The Gibbs energy change under non-standard conditions can be related to the standard Gibbs energy change.
ΔG = ΔG° + RT ln(Q)
Substituting ΔG = -nFE and ΔG° = -nFE° into equation, we obtain
-nFE = -nFE° + RT ln(Q)
Dividing both sides by -nF gives us the Nernst equation.
E = E° – (RT/nF) ln(Q)
The Nernst equation can be simplified further. At standard temperature, T = 298 K. Also, R = 8.314 JˑM-1ˑK-1 and F = 96485 CˑM-1. Therefore,
E = E° – ((8.314 JˑM-1ˑK-1 x 298 K)/(n x 96485 CˑM-1) ln(Q)
=> E = E° – (0.0257 V/n) ln(Q)
=> E = E° – (0.0257 V/n) x 2.303 log(Q)
=> E = E° – 0.0591 V/n log(Q)
Applications
The Nernst equation finds applications across various scientific fields. Some notable applications include:[3]
- Batteries and Fuel Cells: It plays a fundamental role in understanding battery performance and fuel cell behavior, guiding the design and optimization of these energy storage and conversion devices.
- Corrosion Studies: It aids in assessing the corrosion rate of metals and helps design effective corrosion protection strategies.
- pH Measurements: It is involved in determining the pH of a solution using pH electrodes, contributing to accurate acidity and alkalinity measurements in various fields, including environmental monitoring and medical diagnostics.
- Analytical Chemistry: It is applied in electroanalytical techniques like potentiometric titrations, enabling the quantitative determination of various analytes in solution.
Nernst Equation and pH
The Nernst equation determines the cell potential of reactions that depend on pH. If H⁺ is involved in the cell reaction, the electrochemical potential will depend on the pH. Consider the following half-reaction:[1]
½ H₂ → H⁺ + e⁻
The reaction quotient is
Q = [Product]/[Reactant] = [H+]/[H₂]1/2
Since there is only one hydrogen atom present, [H₂]1/2 = 1
Therefore,
Q = [H+]
Hydrogen’s standard electrode potential (E°) is taken to be zero volts at all temperatures, that is, E° = 0.
We use the simplified Nernst equation
E = E° – 0.0591 V/n log(Q)
=> E = E° – 0.0591 V/1 log [H+]
Since n =1 and pH = – log[H+], we get
E = 0.591 x pH
Example Problems
Problem 1. Consider a galvanic cell with a copper electrode in a 0.1 M Cu2+ solution and a silver electrode in a 0.01 M Ag+ solution.
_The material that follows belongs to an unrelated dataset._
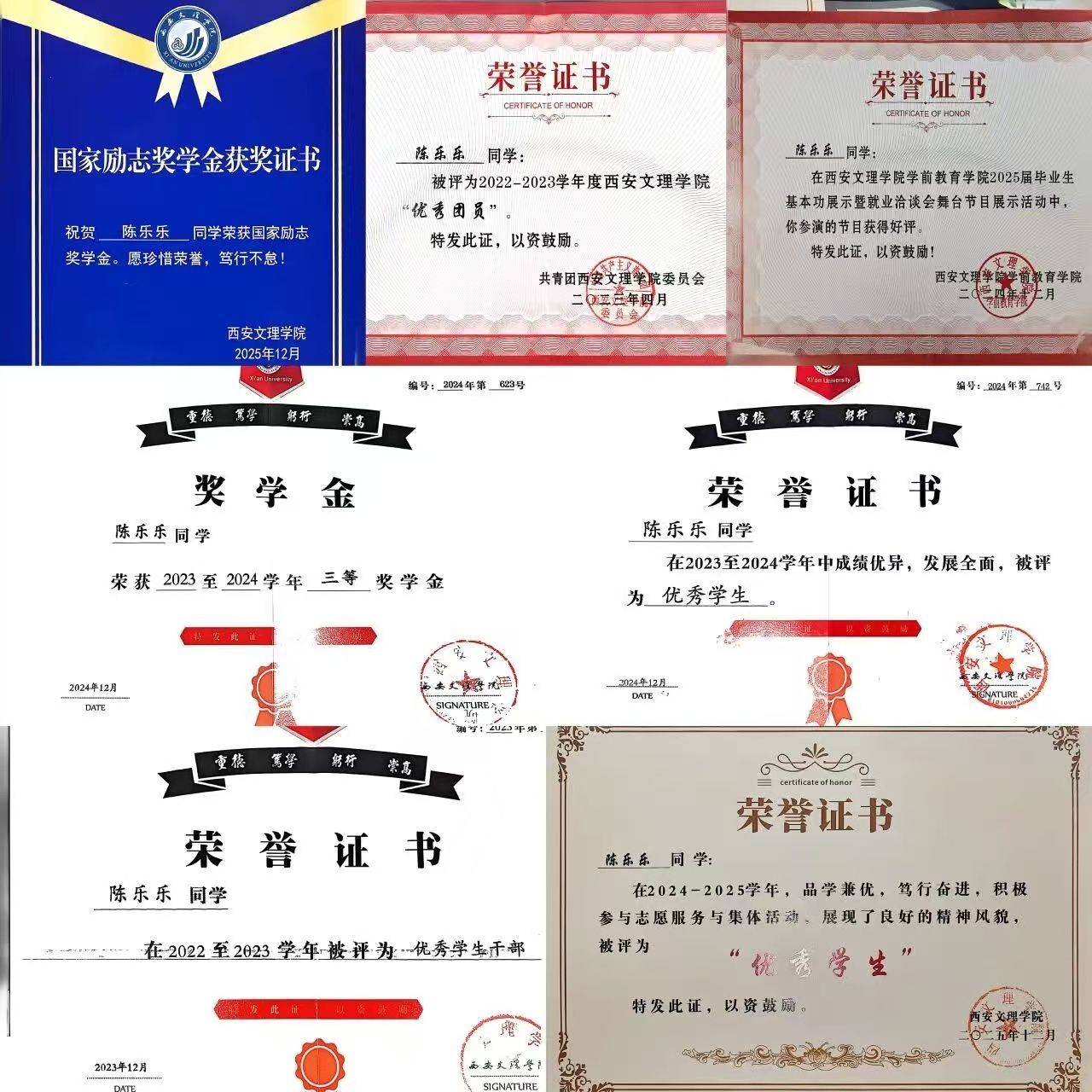 在专业学习上,陈乐乐同样没有松懈,连续三年智育及综合测评排名稳居年级前列,先后考取了幼儿园教师资格证、普通话二级甲等证书,并通过了英语四级考试。连续两年获得校级优秀学生奖学金,这些荣誉见证了她一步一个脚印的努力。“学习是一场马拉松,不是短跑。”她常常用这句话提醒自己。在她看来,每一次考试、每一张证书,都是通向理想职业的一块基石。

The standard reduction potentials for Cu2+ and Ag+ are +0.34 V and +0.80 V, respectively. Calculate the cell potential at 25°C.
Solution:
The Nernst equation is given by
E = E° – (RT/nF) ln(Q)
The balanced half-reactions are
Reduction: Cu2+ + 2e- → Cu
Oxidation: 2 Ag → 2 Ag+ + 2e-
The cell reaction is the sum of these two half-reactions.
Cu2+ + 2 Ag → Cu + 2 Ag+
Given
[Cu2+] = 0.1 M, [Ag+] = 0.01 M, E°reduction = +0.34 V, E°oxidation = +0.80 V, n = 2, T = 298 K
The cell potential for the given galvanic cell is
Ecell = E°(reduction) – E°(oxidation) = +0.34 V – (+0.80 V) = -0.46 V
The reaction quotient Q is
Q = [Cu][Ag+]2/[Cu2+][Ag]2
The concentrations of copper and silver are taken to be 1 in standard conditions, that is, [Cu] = [Ag] = 1. Therefore,
Q = (1 M x (0.01 M)2)/( 0.1 M x 1 M) = 0.001
The Nernst equation simplifies to
E = -0.46 V – (((8.314 JˑM-1ˑK-1 x 298 K)/(2 x 96485 CˑM-1) ln(0.001) = – 0.371 V
The cell potential at 25°C is approximately -0.371 volts. Since this value is negative, the cell reaction is non-spontaneous under these conditions.